View your verification system in action

With everything configured, you are now ready to see your facial recognition machine in action by watching the transform camera as a person passes in front of the camera.

To view your machine’s transform camera overlay:

  1. On your machine’s CONTROL page in the Viam app, select the transform camera pane, which is listed by the name you gave it in the previous session, such as my-transform-camera.

  2. Enable the view toggle to see a live camera feed from your camera, overlaid by the current state of the verification-system module, which should be TRIGGER_1 if no people are present in-frame.

  3. Have one or more people walk in front of the camera and look directly into it. Watch the state change to COUNTDOWN and then DISARMED when an approved person is detected, or to ALARM if no approved person appears within 10 seconds!
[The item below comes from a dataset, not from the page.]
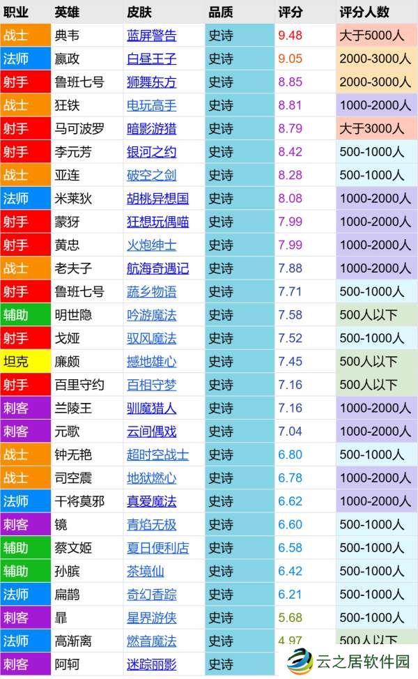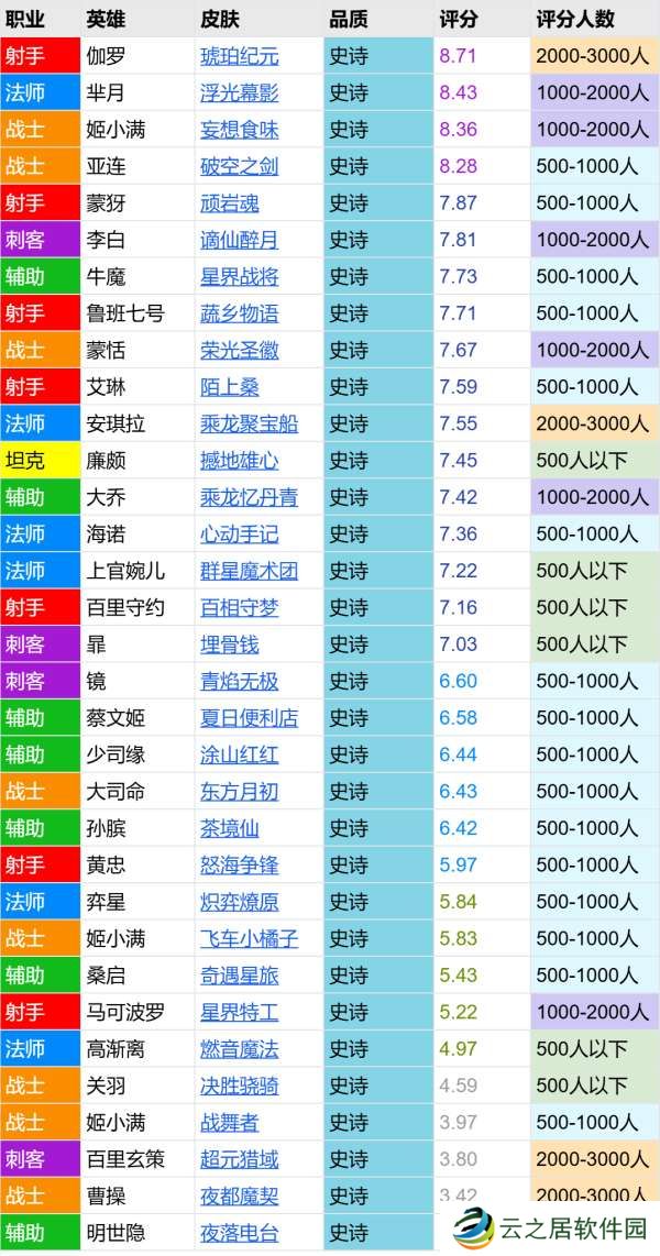 目前孙膑评分最好的史诗皮肤还是虎年限定。茶境仙的评分和KPL史诗非常接近。

    Verification camera feed

Next steps

Now that you’ve got the verification aspect of your system working, you can use this as a launch point for customizing your own DIY home security system. For example:

  • Write a program using one of the Viam SDK to poll the facial-verification module for its current state, and take action when a particular state is reached. For example, you could use GetClassificationsFromCamera() to capture when a transition into the ALARM state occurs, and then send you an email with the captured image of the trespasser!
  • Try changing the type of detectors, using different detectors for the TRIGGER_1 and TRIGGER_2 states.
  • Add the filtered camera module to your machine, and use it as the source camera in your verification system in order to save images to the Viam Cloud only when the system enters into specific states. This way, you could limit the images captured and synced to only those you are interested in reviewing later, for example.
  • If you don’t want the ALARM capabilities, and would like to just use it as a notification system when a detector gets triggered, set disable_alarm: true in the config, which prevents TRIGGER_2 from entering into the COUNTDOWN state, meaning the system will only cycle between the states of TRIGGER_1 and TRIGGER_2.
  • Use entering into the state TRIGGER_2 as a way to send notifications.